Collected data

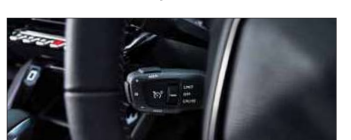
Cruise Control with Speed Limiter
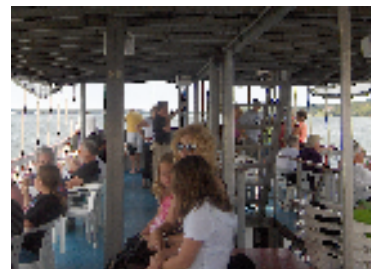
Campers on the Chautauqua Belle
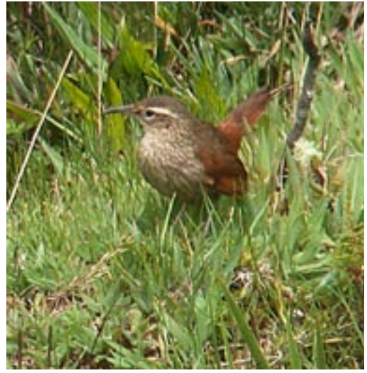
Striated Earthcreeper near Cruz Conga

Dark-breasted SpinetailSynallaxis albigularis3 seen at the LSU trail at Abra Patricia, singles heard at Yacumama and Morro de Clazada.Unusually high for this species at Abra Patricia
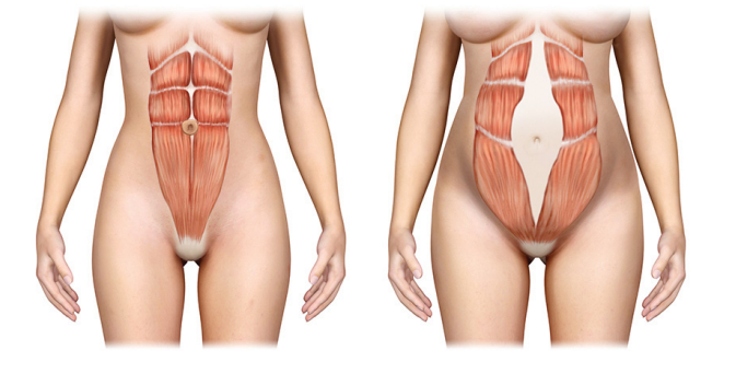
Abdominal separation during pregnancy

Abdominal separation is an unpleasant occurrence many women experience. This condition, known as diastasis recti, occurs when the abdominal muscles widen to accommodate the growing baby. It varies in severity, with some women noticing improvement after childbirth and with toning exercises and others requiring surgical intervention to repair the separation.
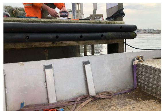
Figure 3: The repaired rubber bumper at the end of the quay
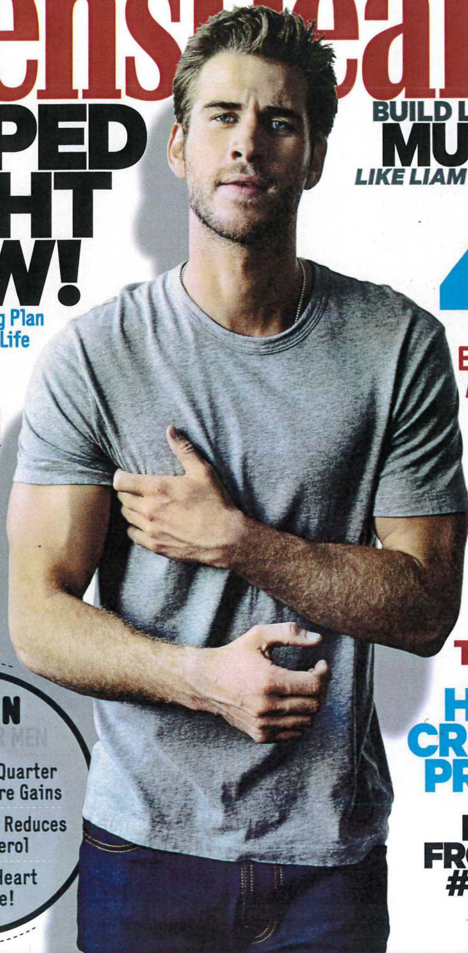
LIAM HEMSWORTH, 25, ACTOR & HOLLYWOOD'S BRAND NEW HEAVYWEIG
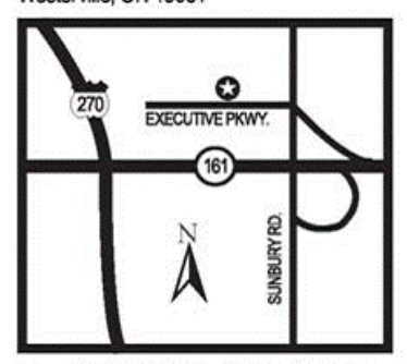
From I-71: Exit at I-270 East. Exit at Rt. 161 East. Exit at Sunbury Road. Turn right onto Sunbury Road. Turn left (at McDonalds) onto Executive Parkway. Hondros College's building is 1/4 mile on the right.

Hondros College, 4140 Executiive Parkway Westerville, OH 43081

**Instructions for the task:**
You need to copy every entry exactly, taking out only the pictures.

**Solved problem:**
Cruise Control with Speed Limiter
Campers on the Chautauqua Belle
Striated Earthcreeper near Cruz Conga

Dark-breasted SpinetailSynallaxis albigularis3 seen at the LSU trail at Abra Patricia, singles heard at Yacumama and Morro de Clazada.Unusually high for this species at Abra Patricia
Abdominal separation during pregnancy

Abdominal separation is an unpleasant occurrence many women experience. This condition, known as diastasis recti, occurs when the abdominal muscles widen to accommodate the growing baby. It varies in severity, with some women noticing improvement after childbirth and with toning exercises and others requiring surgical intervention to repair the separation.
Figure 3: The repaired rubber bumper at the end of the quay
LIAM HEMSWORTH, 25, ACTOR & HOLLYWOOD'S BRAND NEW HEAVYWEIG
From I-71: Exit at I-270 East. Exit at Rt. 161 East. Exit at Sunbury Road. Turn right onto Sunbury Road. Turn left (at McDonalds) onto Executive Parkway. Hondros College's building is 1/4 mile on the right.

Hondros College, 4140 Executiive Parkway Westerville, OH 43081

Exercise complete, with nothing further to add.